Return the listing exactly. Keep no pictures.

*** Source material ***

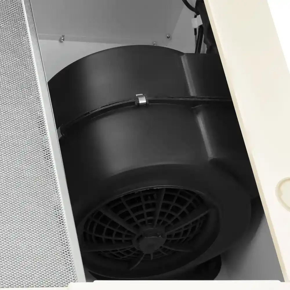 Вытяжка функционирует в двух режимах: отвода воздуха с производительностью до 1500 м3/ч и рециркуляции с показателем 1000 м3/ч. Производитель рекомендует использовать модель на площади до 40 м² — удобно для больших кухонь, в том числе совмещенных со столовой или гостиной. Три скорости работы позволяют гибко регулировать мощность в зависимости от сложности стоящей задачи. Так, для обычного приготовления пищи и освещения воздуха подойдет первая и вторая, а третья устранит чад при интенсивной жарки и быстро очистит воздух, если на плите что-то подгорит. Механическое кнопочное управление обеспечивает удобство и надежность. Вытяжка оснащена обратным клапаном, который исключает попадание посторонних запахов обратно в помещение.
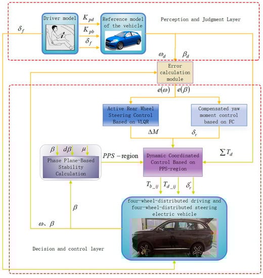 Currently, a single chassis control system has gradually been challenging to meet the driver’s pursuit of car performance. Giving full play to the advantages of various stability control subsystems and coordinating the functions of each system to improve vehicle handling stability and safety further has become one of the critical goals of the future development of automotive active safety technology. Four-wheel-distributed driving and four-wheel-distributed steering electric vehicles use drive motors and steering motors as actuators. This type of vehicle has the characteristics of integrated driving and braking, flexible steering, and easy failure-tolerant control. It has significant advantages in improving vehicle stability and is a suitable carrier for designing and constructing stability-coordinated control systems [,]. Therefore, making full use of this type of electric vehicle’s advantages in driving and steering, a new design scheme of stability coordination control system is proposed and verified by experiments. This has profound significance for promoting industrial development and providing new ideas for technological innovation.
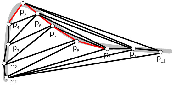 However, using the length of the Delaunay edge directly as the weight of Dijkstra’s algorithm will lead to the interpolation result at the curve not meeting expectations. As depicted in Figure 9, the red line segment in the figure is weighted by the length of the Delaunay edge, the Dijkstra algorithm is used to search for the shortest path from p4 to p7 and p7 to p9. Obviously, due to the neglect of p5 and p8, the resulting shape does not match the shape of the actual road. Generally, in the road generation process, we prefer multiple short lines to a direct long line.

***

◆ Solution for this exercise ◆
 Вытяжка функционирует в двух режимах: отвода воздуха с производительностью до 1500 м3/ч и рециркуляции с показателем 1000 м3/ч. Производитель рекомендует использовать модель на площади до 40 м² — удобно для больших кухонь, в том числе совмещенных со столовой или гостиной. Три скорости работы позволяют гибко регулировать мощность в зависимости от сложности стоящей задачи. Так, для обычного приготовления пищи и освещения воздуха подойдет первая и вторая, а третья устранит чад при интенсивной жарки и быстро очистит воздух, если на плите что-то подгорит. Механическое кнопочное управление обеспечивает удобство и надежность. Вытяжка оснащена обратным клапаном, который исключает попадание посторонних запахов обратно в помещение.
 Currently, a single chassis control system has gradually been challenging to meet the driver’s pursuit of car performance. Giving full play to the advantages of various stability control subsystems and coordinating the functions of each system to improve vehicle handling stability and safety further has become one of the critical goals of the future development of automotive active safety technology. Four-wheel-distributed driving and four-wheel-distributed steering electric vehicles use drive motors and steering motors as actuators. This type of vehicle has the characteristics of integrated driving and braking, flexible steering, and easy failure-tolerant control. It has significant advantages in improving vehicle stability and is a suitable carrier for designing and constructing stability-coordinated control systems [,]. Therefore, making full use of this type of electric vehicle’s advantages in driving and steering, a new design scheme of stability coordination control system is proposed and verified by experiments. This has profound significance for promoting industrial development and providing new ideas for technological innovation.
 However, using the length of the Delaunay edge directly as the weight of Dijkstra’s algorithm will lead to the interpolation result at the curve not meeting expectations. As depicted in Figure 9, the red line segment in the figure is weighted by the length of the Delaunay edge, the Dijkstra algorithm is used to search for the shortest path from p4 to p7 and p7 to p9. Obviously, due to the neglect of p5 and p8, the resulting shape does not match the shape of the actual road. Generally, in the road generation process, we prefer multiple short lines to a direct long line.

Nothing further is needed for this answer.